{featuretools}

时间:2018-10-30 14:54:30

标签: python machine-learning feature-engineering featuretools

当我尝试创建实体集之间的关系(使用我自己的数据)时遇到了一个问题。没有错误,但是它只是没有为我的一个实体(“ prods”实体)创建功能,尽管一切都应该很好地连接。

我无法共享数据,但创建了一个包含一些模拟数据的最小示例:

import pandas as pd
import featuretools as ft

创建模拟数据

cust = pd.DataFrame([[1,50],[2,60]], 
                    columns=['CUST_ID','AGE'])#

orders = pd.DataFrame([[1,1,50,33.0],[2,1,60,20],[3,2,66,999.9]], 
                      columns=['ORD_ID','CUST_ID','QTY','PRICE'])

order_items = pd.DataFrame([[1,1,1,2,3.0],[2,2,2,8,5.0],[3,2,1,2,3.0],[4,3,3,2,3.0]], 
                           columns=['ORD_ITM_ID','ORD_ID','PROD_ID','QTY','PRICE'])

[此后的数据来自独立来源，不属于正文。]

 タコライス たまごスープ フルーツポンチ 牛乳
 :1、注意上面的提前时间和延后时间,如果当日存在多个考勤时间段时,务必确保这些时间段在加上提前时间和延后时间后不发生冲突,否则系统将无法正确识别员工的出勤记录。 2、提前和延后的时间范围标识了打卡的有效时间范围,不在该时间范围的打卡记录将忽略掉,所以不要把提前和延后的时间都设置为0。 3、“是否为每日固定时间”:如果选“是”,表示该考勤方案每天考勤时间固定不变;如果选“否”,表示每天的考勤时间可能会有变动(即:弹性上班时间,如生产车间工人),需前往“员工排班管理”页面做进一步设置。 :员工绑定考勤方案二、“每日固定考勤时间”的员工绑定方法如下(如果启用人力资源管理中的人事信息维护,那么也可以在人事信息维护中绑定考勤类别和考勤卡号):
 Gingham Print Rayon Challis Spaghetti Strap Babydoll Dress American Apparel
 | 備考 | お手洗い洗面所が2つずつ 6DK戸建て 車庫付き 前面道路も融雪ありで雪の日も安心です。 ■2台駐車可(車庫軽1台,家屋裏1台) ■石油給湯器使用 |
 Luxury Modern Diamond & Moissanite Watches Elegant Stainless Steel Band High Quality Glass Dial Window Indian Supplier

prods = pd.DataFrame([[1,3.0],[2,5.0],[3,3.0]], 
                     columns=['PROD_ID','PRICE'])

定义实体集

es = ft.EntitySet('test')

## Adding Customers Entity

es.entity_from_dataframe(dataframe=cust,
                         entity_id='cust',
                         index='CUST_ID')

## Adding Orders Entity
es.entity_from_dataframe(dataframe=orders,
                         entity_id='orders',
                         index='ORD_ID')

## Adding Order Items Entity
es.entity_from_dataframe(dataframe=order_items,
                         entity_id='order_items',
                         index='ORD_ITM_ID')

## Adding Products Entity
es.entity_from_dataframe(dataframe=prods,
                         entity_id='prods',
                         index='PROD_ID')

创建关系

customer_relationship = ft.Relationship(es["cust"]["CUST_ID"],
                                   es["orders"]["CUST_ID"])

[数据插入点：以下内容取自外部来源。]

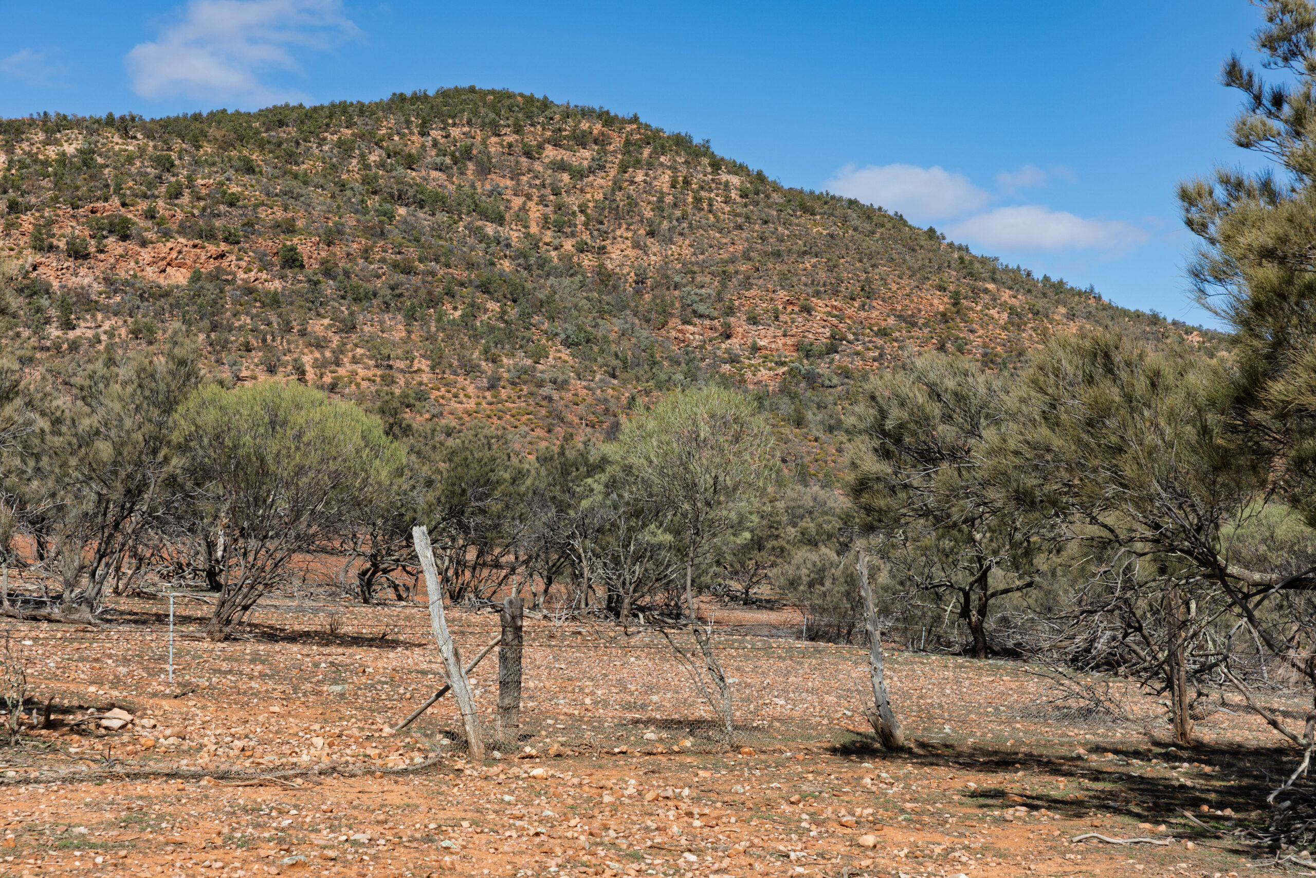 The next feature of note was a man-made one, the dog fence. These days it is an old and worn wire fence that wouldn’t keep anything out … or in for that matter. In the late 1800s it was built to keep dingoes out of the newly settled farming land. Between 1910 and 2000 dingoes were almost extinct in the Flinders Ranges but over the last two decades many sightings have been reported.
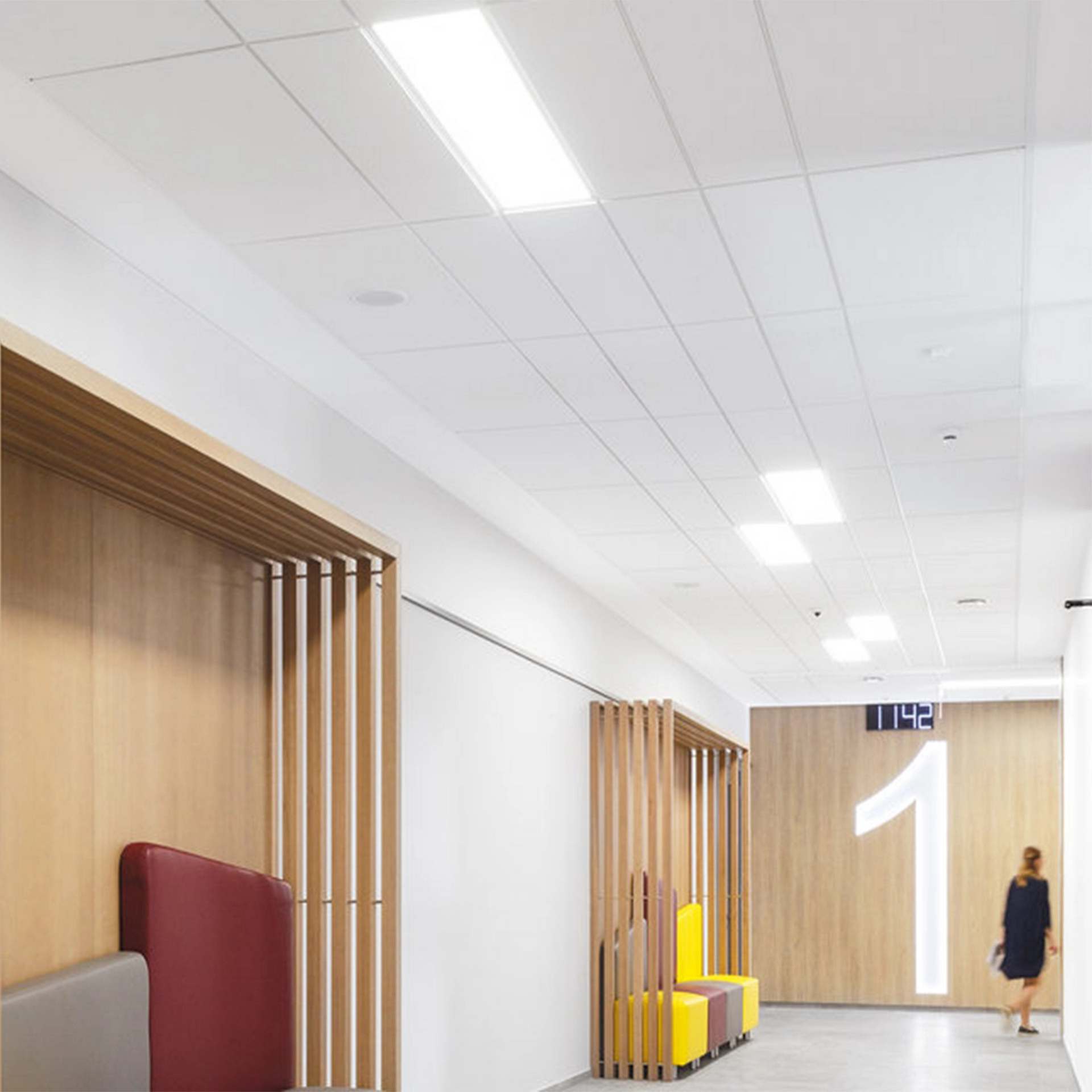 Placa acústica de lana mineral biosoluble con superficie lisa laminada, diseñada para ofrecer máxima absorción sonora con un NRC de 1.0, además de un buen aislamiento entre ambientes (dw 29 dB). Esto garantiza confort acústico y privacidad en espacios de alto uso y circulación constante.
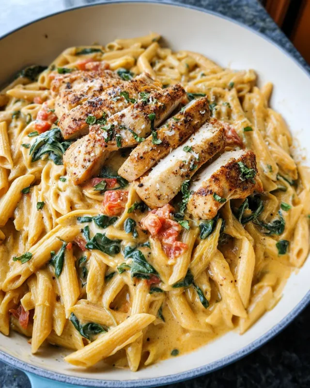 Same skillet, no need to wash it – all those browned bits equal flavor! Melt your butter and add the minced garlic. Oh, that smell! Cook just until fragrant (about 30 seconds – don’t let it burn!). Toss in your tomatoes and spinach, stirring until the spinach wilts. Now the magic happens – pour in that heavy cream and let it bubble gently. Stir in the Parmesan until it melts into the most luscious sauce you’ve ever seen. Too thick? That’s where your reserved pasta water comes in – just add a splash at a time until it’s perfect.
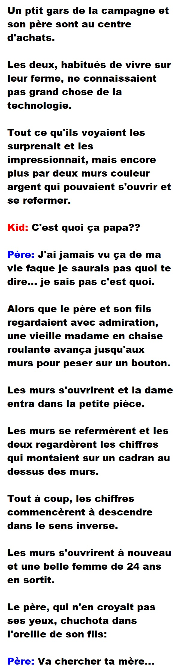 Blague de Cave, Blagues QuébécoisesUn père et un fils, vivant en campagne, voient un ascenseur pour la première fois 👇 FAIS RIRE QUELQU'UN Facebook 1.1K+ Messenger WhatsApp Pinterest0
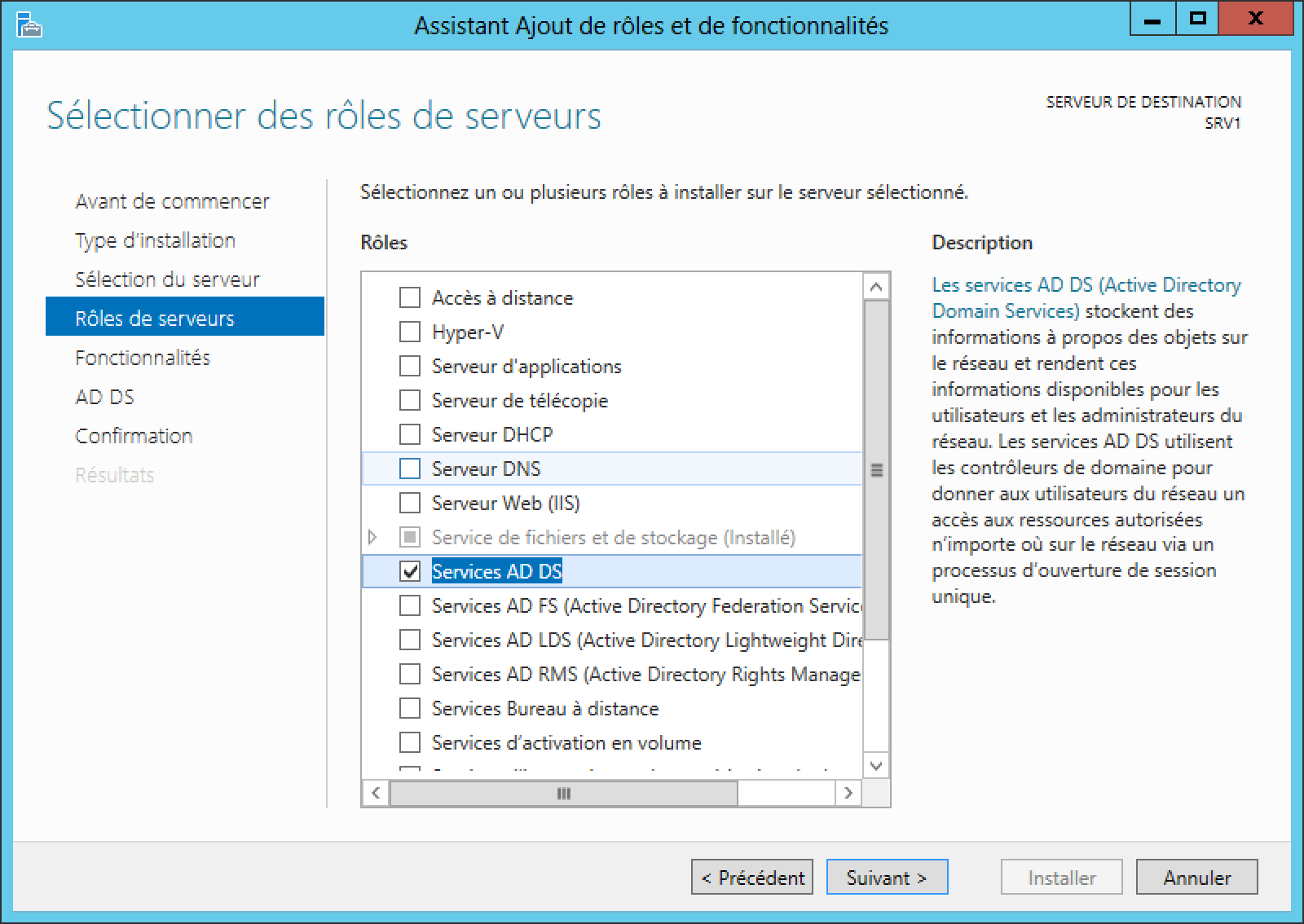 Cliquez sur suivant et cochez la case « Services AD DS ».

orderitems_relationship = ft.Relationship(es["orders"]["ORD_ID"], 
                                          es["order_items"]["ORD_ID"])

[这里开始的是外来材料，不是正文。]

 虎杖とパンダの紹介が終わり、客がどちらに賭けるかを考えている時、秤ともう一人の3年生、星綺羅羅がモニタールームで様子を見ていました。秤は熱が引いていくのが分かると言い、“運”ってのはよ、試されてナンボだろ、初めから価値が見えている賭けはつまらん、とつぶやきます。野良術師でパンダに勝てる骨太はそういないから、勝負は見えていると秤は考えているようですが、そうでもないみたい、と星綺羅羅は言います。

products_relationship = ft.Relationship(es["prods"]["PROD_ID"],
                                        es["order_items"]["PROD_ID"])

### Add Relationships
es = es.add_relationship(customer_relationship)
es = es.add_relationship(orderitems_relationship)
es = es.add_relationship(products_relationship)

生成功能

feature_defs = ft.dfs(entityset=es,
                                target_entity="cust",
                                agg_primitives=["count", "sum"],
                                verbose = True, 
                                features_only = True)
## Show features
feature_defs

输出:

Built 7 features
[<Feature: AGE>,
 <Feature: COUNT(order_items)>,
 <Feature: SUM(orders.QTY)>,
 <Feature: SUM(orders.PRICE)>,
 <Feature: SUM(order_items.QTY)>,
 <Feature: COUNT(orders)>,
 <Feature: SUM(order_items.PRICE)>]

这也应该向我展示产品变量的功能,但事实并非如此。

所以我希望SUM将每个客户的产品价格加起来。相反,什么都没有。

最终,我想为有趣的值创建功能。但是由于没有显示产品变量,因此添加有趣的值也不起作用。

## Get All Product IDs
interesting_products = es["prods"].df.PROD_ID.unique()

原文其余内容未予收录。